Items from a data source
=== Begin Enclosure ===
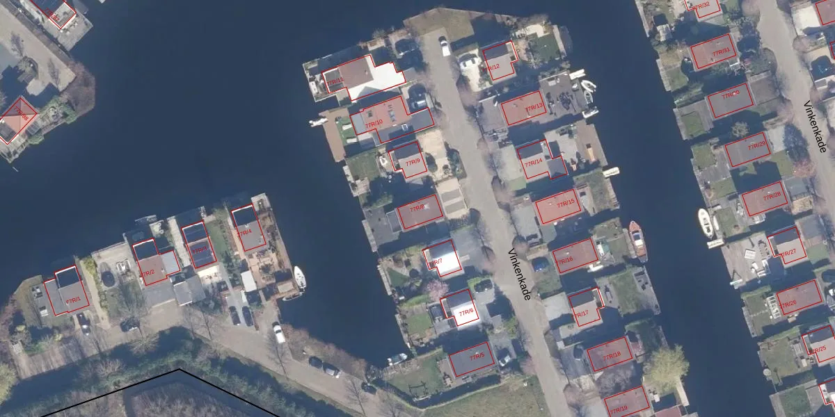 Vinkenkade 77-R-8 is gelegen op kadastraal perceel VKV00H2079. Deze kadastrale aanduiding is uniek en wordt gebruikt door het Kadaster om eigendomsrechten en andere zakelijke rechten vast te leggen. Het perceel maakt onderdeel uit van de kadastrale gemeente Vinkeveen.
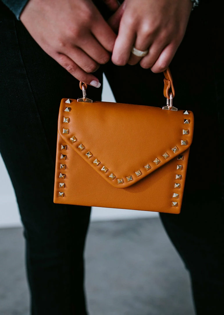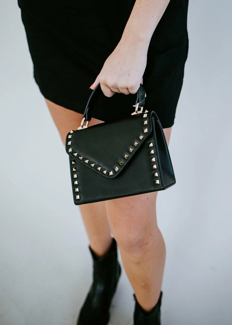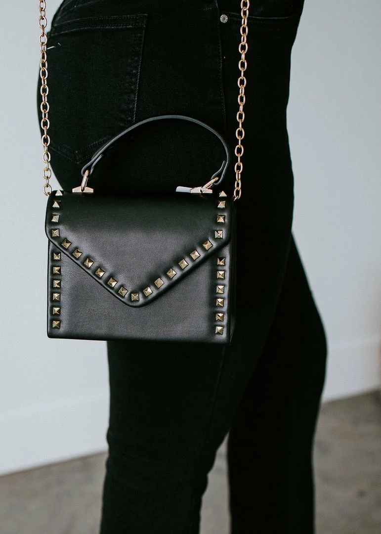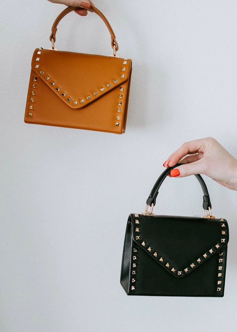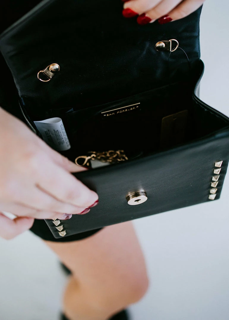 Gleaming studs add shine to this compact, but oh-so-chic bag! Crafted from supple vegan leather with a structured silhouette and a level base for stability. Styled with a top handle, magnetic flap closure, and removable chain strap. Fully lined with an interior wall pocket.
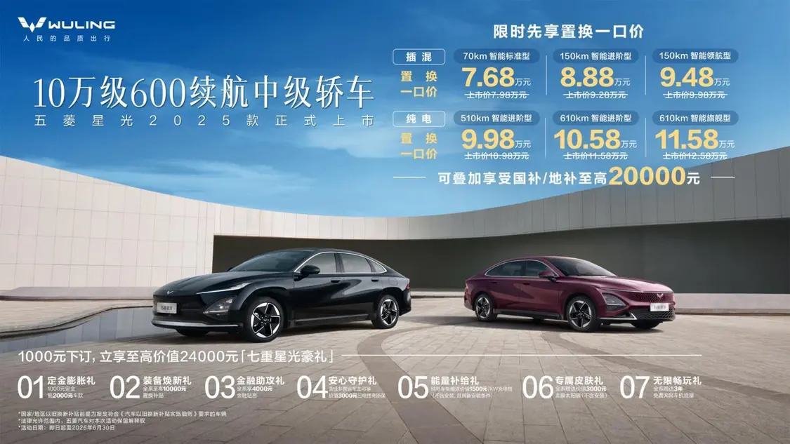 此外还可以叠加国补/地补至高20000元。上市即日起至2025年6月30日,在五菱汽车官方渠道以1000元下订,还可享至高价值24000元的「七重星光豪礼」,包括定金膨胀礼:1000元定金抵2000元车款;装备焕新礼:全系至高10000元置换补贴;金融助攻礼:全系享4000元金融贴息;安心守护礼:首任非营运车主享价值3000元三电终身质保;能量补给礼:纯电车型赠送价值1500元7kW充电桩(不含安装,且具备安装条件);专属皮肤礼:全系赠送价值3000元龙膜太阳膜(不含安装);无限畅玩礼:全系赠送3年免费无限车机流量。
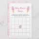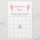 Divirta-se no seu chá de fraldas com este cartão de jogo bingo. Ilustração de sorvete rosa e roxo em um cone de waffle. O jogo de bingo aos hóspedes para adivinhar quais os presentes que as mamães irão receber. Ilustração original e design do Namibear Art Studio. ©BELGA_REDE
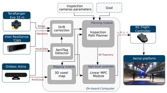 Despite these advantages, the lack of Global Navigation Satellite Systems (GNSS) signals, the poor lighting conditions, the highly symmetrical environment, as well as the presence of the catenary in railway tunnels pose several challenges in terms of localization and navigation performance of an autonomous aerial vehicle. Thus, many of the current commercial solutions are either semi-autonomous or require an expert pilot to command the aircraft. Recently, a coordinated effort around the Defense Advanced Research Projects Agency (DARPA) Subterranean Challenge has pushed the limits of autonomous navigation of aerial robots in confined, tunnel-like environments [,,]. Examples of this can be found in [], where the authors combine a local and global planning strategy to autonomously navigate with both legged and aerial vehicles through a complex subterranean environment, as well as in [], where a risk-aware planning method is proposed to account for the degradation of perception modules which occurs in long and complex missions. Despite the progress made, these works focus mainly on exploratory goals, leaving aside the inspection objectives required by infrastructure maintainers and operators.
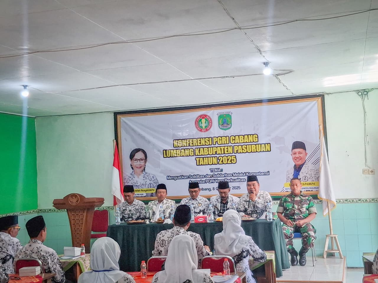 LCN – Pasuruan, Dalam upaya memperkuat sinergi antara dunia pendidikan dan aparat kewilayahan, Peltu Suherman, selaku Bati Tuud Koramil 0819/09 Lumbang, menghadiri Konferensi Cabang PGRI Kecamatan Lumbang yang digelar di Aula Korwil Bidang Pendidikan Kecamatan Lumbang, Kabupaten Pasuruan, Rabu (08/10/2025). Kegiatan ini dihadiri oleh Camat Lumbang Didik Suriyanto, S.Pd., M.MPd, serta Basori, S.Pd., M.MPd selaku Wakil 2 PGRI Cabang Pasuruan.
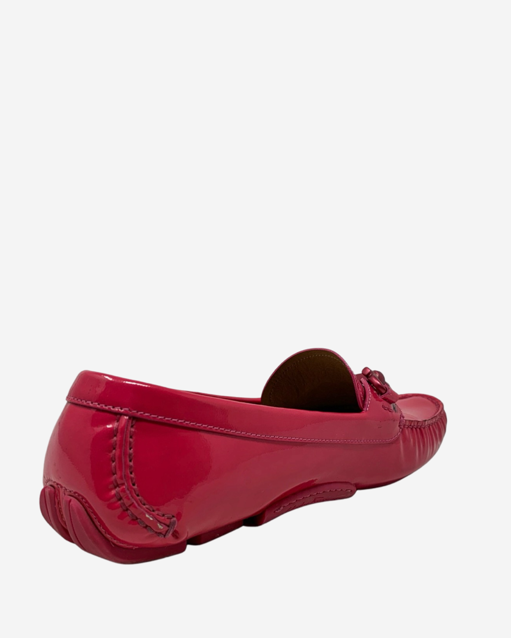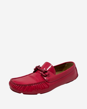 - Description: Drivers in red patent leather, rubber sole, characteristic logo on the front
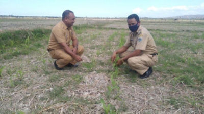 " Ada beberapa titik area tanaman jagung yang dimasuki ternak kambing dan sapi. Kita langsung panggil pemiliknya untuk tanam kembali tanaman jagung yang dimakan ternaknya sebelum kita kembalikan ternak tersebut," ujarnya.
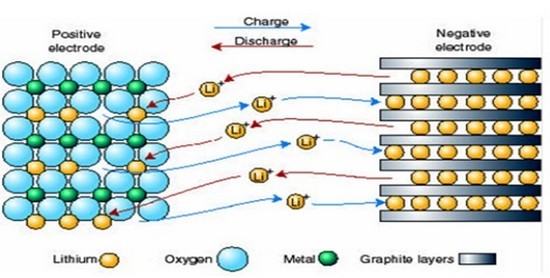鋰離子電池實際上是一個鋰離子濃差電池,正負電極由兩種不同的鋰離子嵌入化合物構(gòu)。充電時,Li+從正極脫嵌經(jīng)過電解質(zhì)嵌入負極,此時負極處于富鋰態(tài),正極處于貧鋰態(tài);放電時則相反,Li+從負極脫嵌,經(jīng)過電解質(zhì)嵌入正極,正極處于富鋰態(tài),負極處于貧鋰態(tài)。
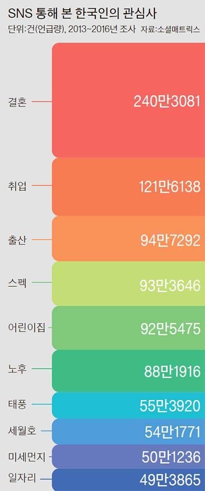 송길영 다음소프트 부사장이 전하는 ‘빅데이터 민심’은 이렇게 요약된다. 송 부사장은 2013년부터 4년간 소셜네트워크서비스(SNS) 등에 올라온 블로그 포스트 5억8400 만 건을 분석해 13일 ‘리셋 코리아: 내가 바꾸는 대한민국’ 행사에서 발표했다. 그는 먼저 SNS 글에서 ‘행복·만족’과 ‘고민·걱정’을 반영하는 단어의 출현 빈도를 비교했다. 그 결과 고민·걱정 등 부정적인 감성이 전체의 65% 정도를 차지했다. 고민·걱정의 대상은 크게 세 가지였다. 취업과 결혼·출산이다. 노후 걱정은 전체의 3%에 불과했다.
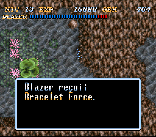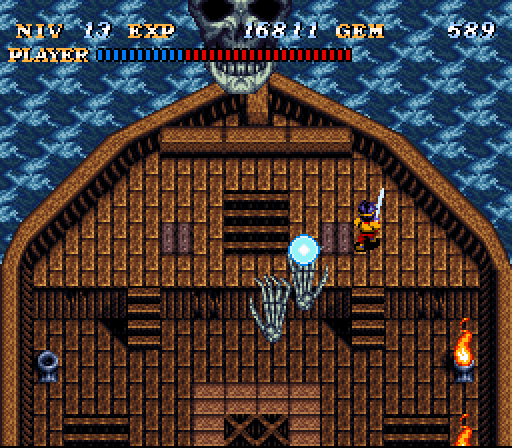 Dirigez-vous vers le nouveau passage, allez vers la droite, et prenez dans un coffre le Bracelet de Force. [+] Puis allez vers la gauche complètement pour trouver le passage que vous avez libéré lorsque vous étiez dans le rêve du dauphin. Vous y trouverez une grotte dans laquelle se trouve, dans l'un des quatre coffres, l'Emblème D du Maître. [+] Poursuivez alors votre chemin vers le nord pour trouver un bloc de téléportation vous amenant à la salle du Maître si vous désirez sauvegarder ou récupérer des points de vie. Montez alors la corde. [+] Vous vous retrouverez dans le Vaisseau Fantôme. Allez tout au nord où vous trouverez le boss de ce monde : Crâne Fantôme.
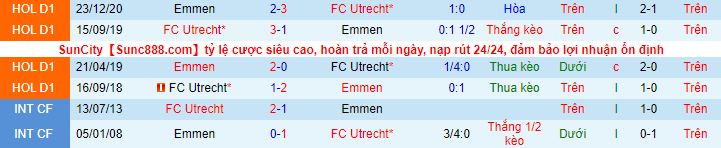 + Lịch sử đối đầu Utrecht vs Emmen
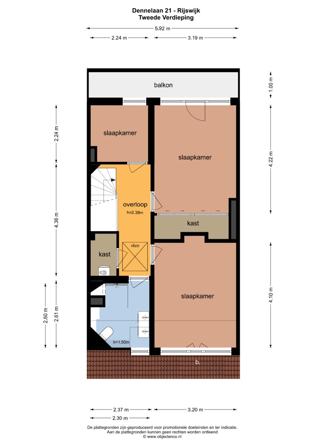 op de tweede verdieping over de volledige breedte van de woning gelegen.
=== End Enclosure ===
Please extract exactly the lines of the data, from the first through the line containing "Divirta-se no seu", and add no pictures to the copy.

## Response
 Vinkenkade 77-R-8 is gelegen op kadastraal perceel VKV00H2079. Deze kadastrale aanduiding is uniek en wordt gebruikt door het Kadaster om eigendomsrechten en andere zakelijke rechten vast te leggen. Het perceel maakt onderdeel uit van de kadastrale gemeente Vinkeveen.
 Gleaming studs add shine to this compact, but oh-so-chic bag! Crafted from supple vegan leather with a structured silhouette and a level base for stability. Styled with a top handle, magnetic flap closure, and removable chain strap. Fully lined with an interior wall pocket.
 此外还可以叠加国补/地补至高20000元。上市即日起至2025年6月30日,在五菱汽车官方渠道以1000元下订,还可享至高价值24000元的「七重星光豪礼」,包括定金膨胀礼:1000元定金抵2000元车款;装备焕新礼:全系至高10000元置换补贴;金融助攻礼:全系享4000元金融贴息;安心守护礼:首任非营运车主享价值3000元三电终身质保;能量补给礼:纯电车型赠送价值1500元7kW充电桩(不含安装,且具备安装条件);专属皮肤礼:全系赠送价值3000元龙膜太阳膜(不含安装);无限畅玩礼:全系赠送3年免费无限车机流量。
 Divirta-se no seu chá de fraldas com este cartão de jogo bingo. Ilustração de sorvete rosa e roxo em um cone de waffle. O jogo de bingo aos hóspedes para adivinhar quais os presentes que as mamães irão receber. Ilustração original e design do Namibear Art Studio. ©BELGA_REDE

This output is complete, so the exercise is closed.